TASK TO CARRY OUT | Transcribe exactly the line with "圖為集團(tuán)領(lǐ" and each line that follows it in the listing, down to the last, omitting all pictures.

DATA PROVIDED |

══════

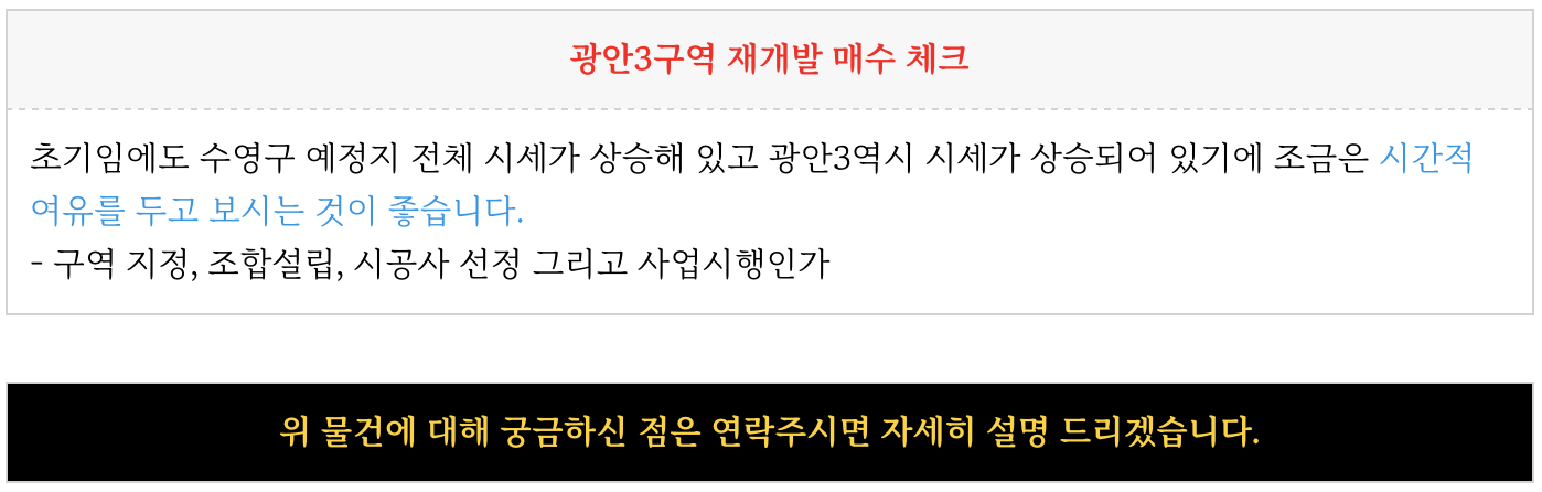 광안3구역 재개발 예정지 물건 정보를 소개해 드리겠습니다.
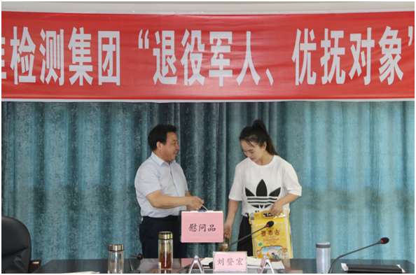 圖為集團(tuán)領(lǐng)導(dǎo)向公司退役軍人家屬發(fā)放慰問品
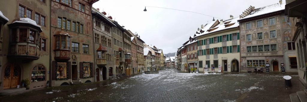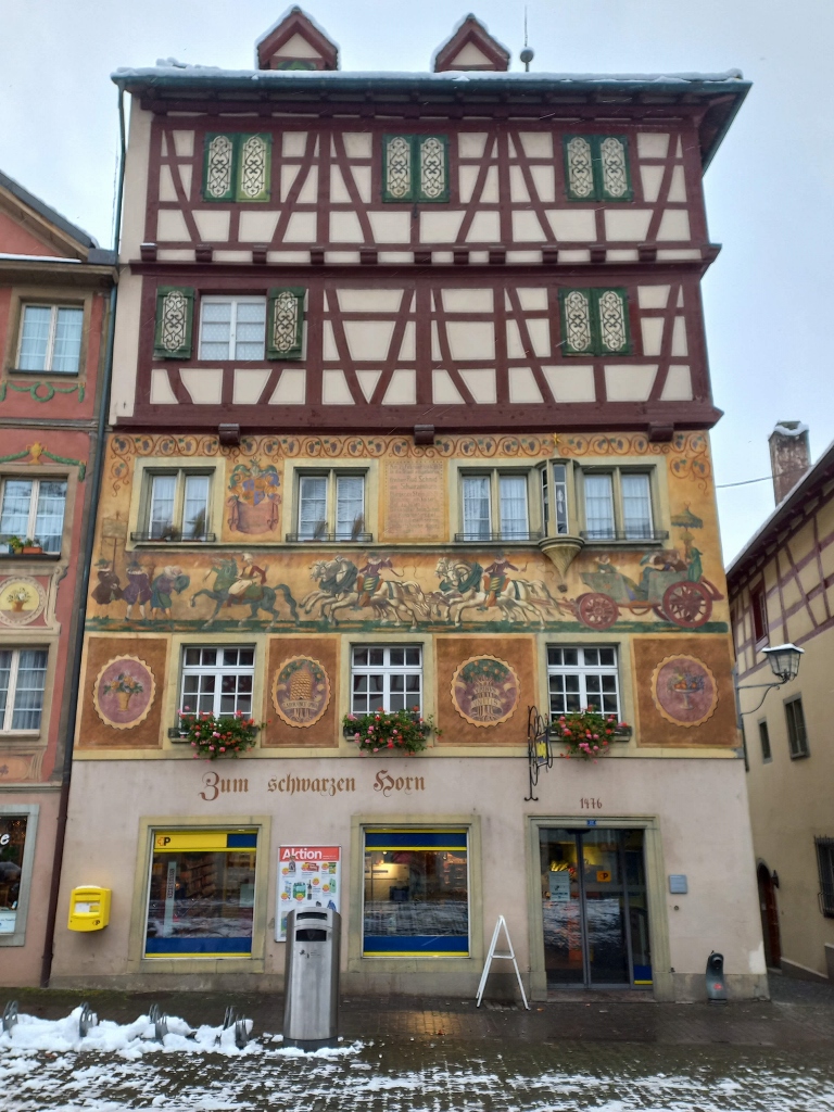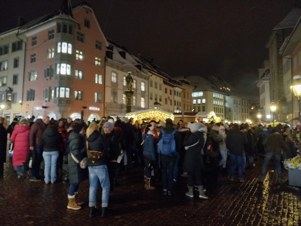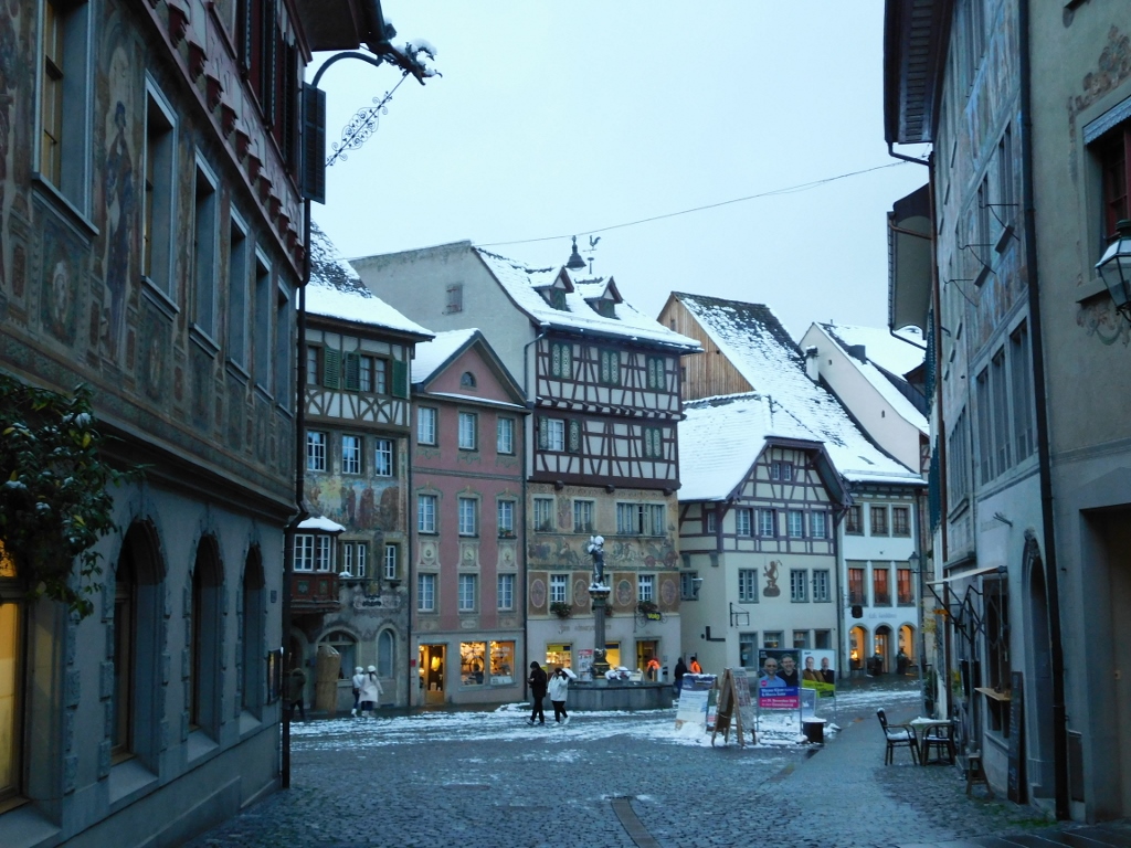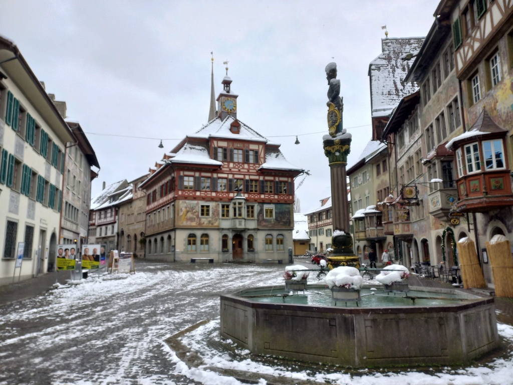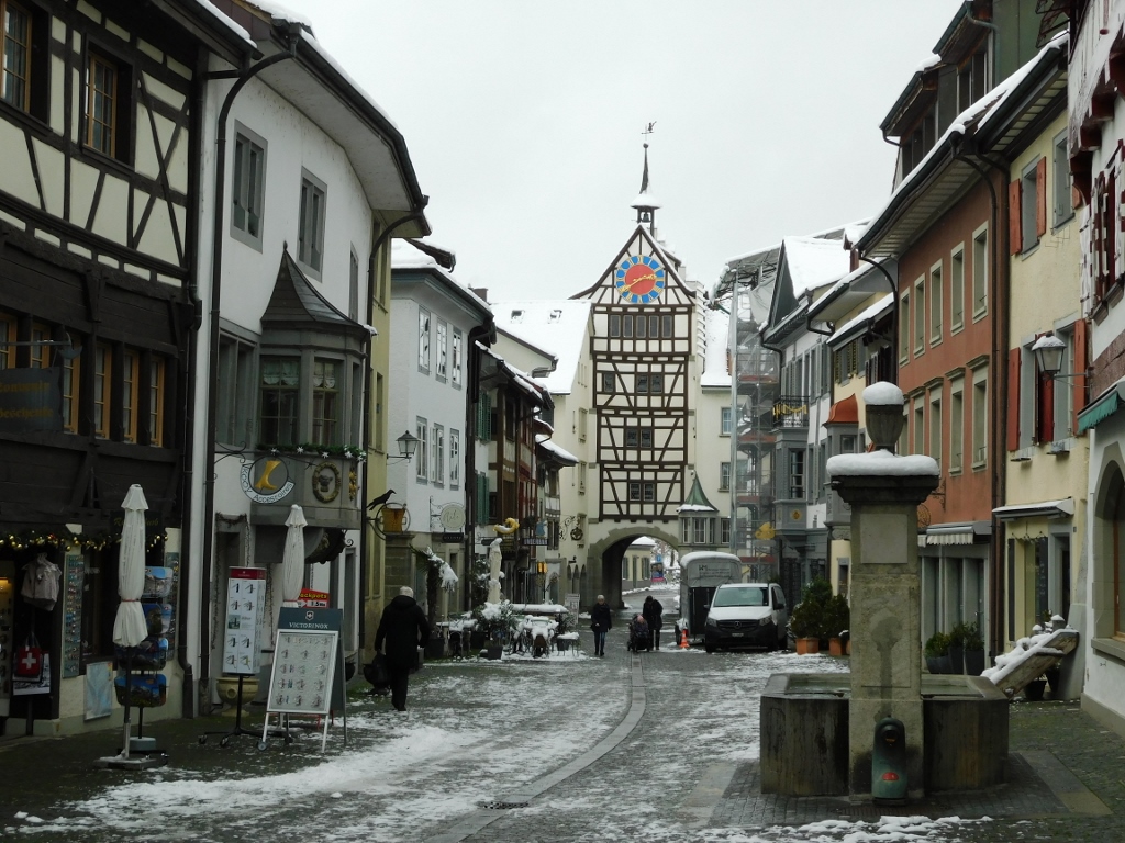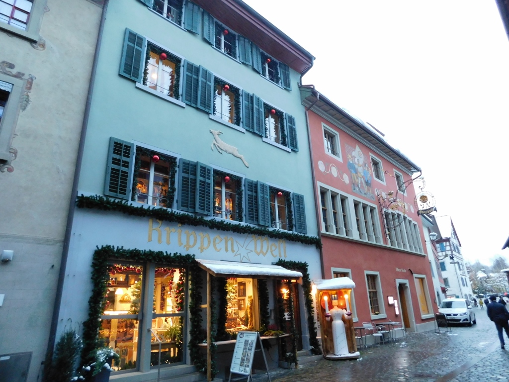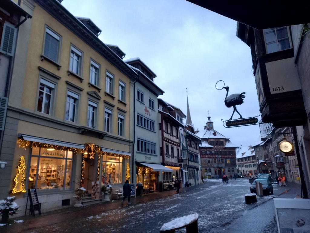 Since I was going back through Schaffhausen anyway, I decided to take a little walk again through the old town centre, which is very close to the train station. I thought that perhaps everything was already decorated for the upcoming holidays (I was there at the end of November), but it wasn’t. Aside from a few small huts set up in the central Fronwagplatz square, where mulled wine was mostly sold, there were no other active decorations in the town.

══════

YOUR RESPONSE |
 圖為集團(tuán)領(lǐng)導(dǎo)向公司退役軍人家屬發(fā)放慰問品
 Since I was going back through Schaffhausen anyway, I decided to take a little walk again through the old town centre, which is very close to the train station. I thought that perhaps everything was already decorated for the upcoming holidays (I was there at the end of November), but it wasn’t. Aside from a few small huts set up in the central Fronwagplatz square, where mulled wine was mostly sold, there were no other active decorations in the town.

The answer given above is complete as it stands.